Другой ученик Н. Г. Рубинштейна, выдающийся музыкант А. И. Зилоти, утверждал, что индивидуализированное обучение сказывалось на игре самого Н. Г. Рубинштейна во время занятий. Позанимавшись после его смерти недолго у Антона Григорьевича, Зилоти, сопоставляя методы работы обоих братьев, писал: «Я невольно вспоминаю уроки Николая Рубинштейна, который нам всегда так играл, чтобы мы все-таки не теряли из вида ближайшей точки к идеалу, то есть соображался со способностями каждого данного ученика и играл настолько хорошо, чтобы этот ученик не терял надежды когда-нибудь достигнуть этой точки. Н. Г. Рубинштейн играл каждому ученику иначе, то есть, чем лучше был ученик, тем лучше он играл, – и наоборот» (цит. по: [16. С. 218]).
Это наблюдение можно в разных вариантах встретить в воспоминаниях многих учеников Николая Григорьевича; говорили, сравнивая его показ с показом старшего брата, что после показа Антона Рубинштейна хочется закрыть рояль и больше никогда не подходить к нему, а после показа Николая Рубинштейна, напротив, хочется заниматься еще больше. Другими словами, показ А. Г. Рубинштейна был скорее артистическим, а показ Н. Г. Рубинштейна – именно педагогическим.
Говоря о педагогике братьев Рубинштейнов, нельзя не упомянуть и о таком важном факторе, как обаяние крупной личности. Таким обаянием обладали оба: блестящие артисты, музыканты с большой буквы, они одними своими именами уже привлекали молодежь. Парадоксальные, афористичные высказывания Антона Григорьевича, изысканное остроумие Николая Григорьевича, блистательное мастерство обоих – эти качества сами по себе обладали мощным педагогическим воздействием. Попасть в класс Николая Рубинштейна было мечтой самых одаренных молодых музыкантов мира, а учиться у Антона Рубинштейна считал за счастье Иосиф Гофман, уже бывший к моменту начала занятий мировой знаменитостью. Он, бесспорно, является крупнейшим из учеников Антона Рубинштейна.

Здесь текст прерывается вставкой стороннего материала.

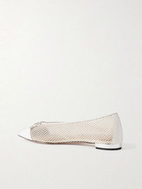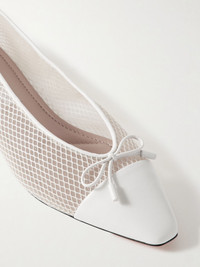 Gioia bow-detailed leather-trimmed mesh ballet flats White

Среди множества учеников Николая Рубинштейна наиболее крупные фигуры – Э. Зауэр и А. Зилоти, а также С. И. Танеев, замечательный русский композитор и пианист, ставший главным продолжателем педагогической линии Н. Г. Рубинштейна. Он заимствовал у своего учителя очень многое: не только тип мышления – умение понимать музыку, опираясь на ее внутренние закономерности, но и способность проникать в индивидуальную психологию учащихся и вести их от интеллектуального понимания музыки к ее эмоциональному постижению. Крупнейший музыкальный критик тех лет Н. Д. Кашкин писал о Танееве: «Впоследствии он применял приемы преподавания Н. Г. Рубинштейна не только в классе фортепиано, но и в теории музыки… Даже в последнее время, обсуждая те или другие способы преподавания, он иногда говорил: “Николай Григорьевич в подобных случаях требовал того-то и того-то”, и это для него являлось как бы основным положением, не подлежащим оспариванию» [16. С. 238]. Фортепианной педагогикой Танеев занимался недолгое время. Но благодаря его пианистическим выступлениям, беседам в фортепианном и теоретическом классах о заветах Рубинштейна, четырехручному музицированию на высоком исполнительском уровне с учениками и многому другому фортепианно-педагогические принципы Н. Г. Рубинштейна продолжали развиваться. Несомненно, рубинштейновские принципы оказали влияние на видного фортепианного педагога последующих лет – В. И. Сафонова.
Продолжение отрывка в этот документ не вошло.